■ Exercise directions: In the entries below, find the line containing "This visually striking" and the line containing "예를 들어, 지난주 코스닥150". Copy those two lines and everything between them exactly, and only that.

■ Task inputs:
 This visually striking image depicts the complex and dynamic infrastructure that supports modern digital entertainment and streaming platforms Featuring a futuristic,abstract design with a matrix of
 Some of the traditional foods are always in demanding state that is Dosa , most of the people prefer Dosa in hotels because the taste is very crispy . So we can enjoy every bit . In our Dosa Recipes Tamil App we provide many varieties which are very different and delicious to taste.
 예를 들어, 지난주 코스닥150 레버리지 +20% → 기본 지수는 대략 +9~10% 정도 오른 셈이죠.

==

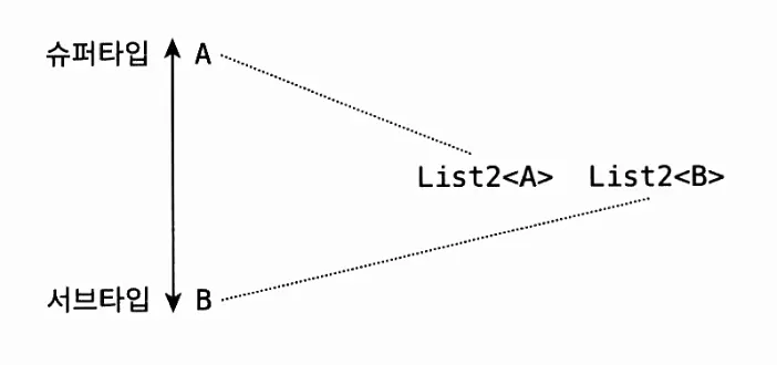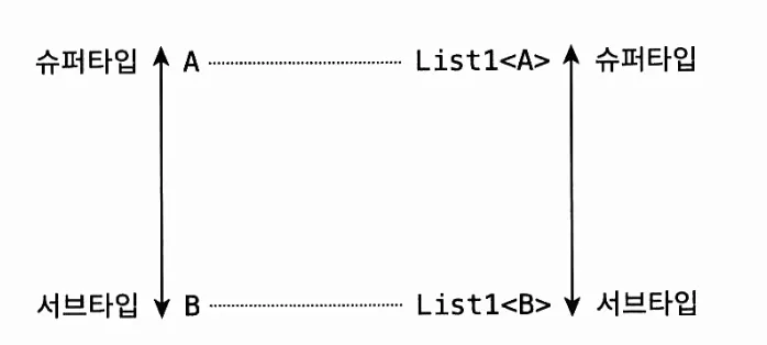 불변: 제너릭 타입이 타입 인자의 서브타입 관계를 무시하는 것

■ Solution to the problem:
 This visually striking image depicts the complex and dynamic infrastructure that supports modern digital entertainment and streaming platforms Featuring a futuristic,abstract design with a matrix of
 Some of the traditional foods are always in demanding state that is Dosa , most of the people prefer Dosa in hotels because the taste is very crispy . So we can enjoy every bit . In our Dosa Recipes Tamil App we provide many varieties which are very different and delicious to taste.
 예를 들어, 지난주 코스닥150 레버리지 +20% → 기본 지수는 대략 +9~10% 정도 오른 셈이죠.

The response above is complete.